> _Activity_: Output the listing word for word, minus pictures.
(Information shown Opens)
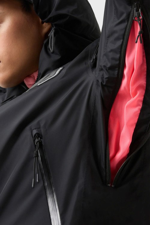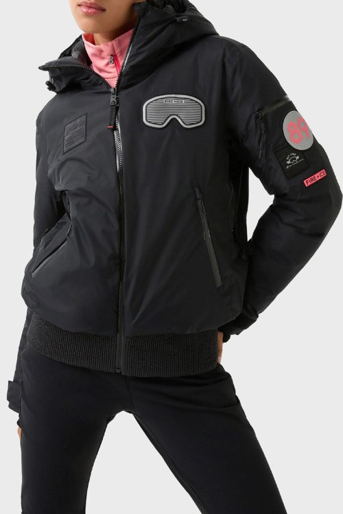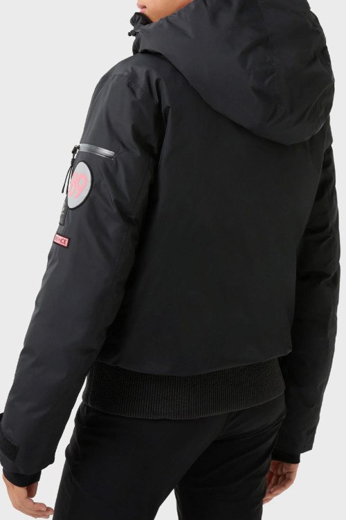 Детали: Женская черная куртка Emely от Bogner Fire+Ice (Богнер Фаер+Айс). Высокий воротник-стойка, застежка на молнию, вшитый капюшон, на теплой подкладке Thermore Ecodown, модель с водоотталкивающим покрытием, водонепроницаемая и дышащая. патч лого
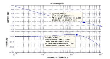 Из диаграммы Боде (рис.3) видно, что замкнутая система обладает робастностью, т.е. достаточной устойчивостью как по фазе - 29,8о
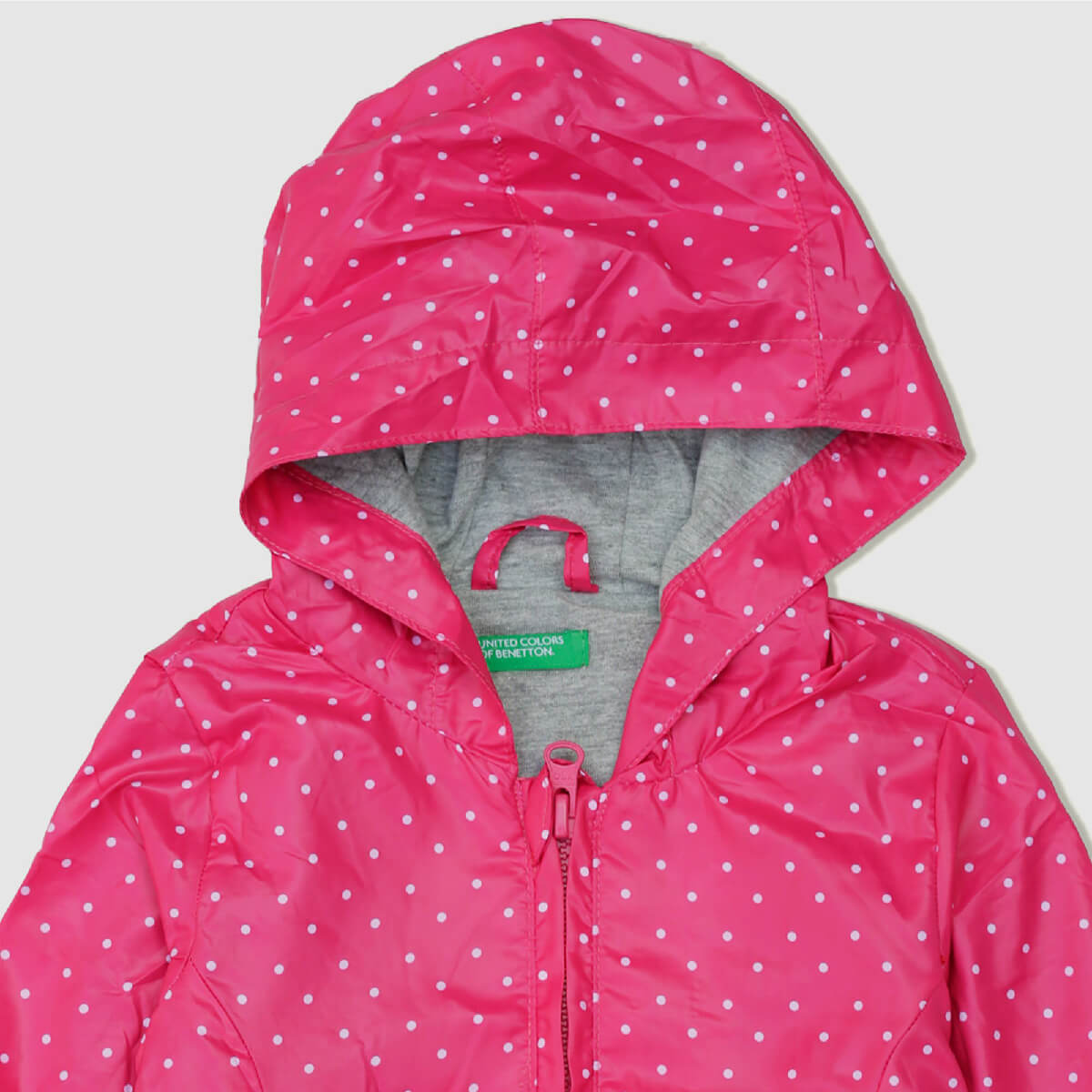 GIRLS PINK DOTTED WINDBREAKER WITH HOOD
(Information shown Closes)
> _Exercise output_:
 Детали: Женская черная куртка Emely от Bogner Fire+Ice (Богнер Фаер+Айс). Высокий воротник-стойка, застежка на молнию, вшитый капюшон, на теплой подкладке Thermore Ecodown, модель с водоотталкивающим покрытием, водонепроницаемая и дышащая. патч лого
 Из диаграммы Боде (рис.3) видно, что замкнутая система обладает робастностью, т.е. достаточной устойчивостью как по фазе - 29,8о
 GIRLS PINK DOTTED WINDBREAKER WITH HOOD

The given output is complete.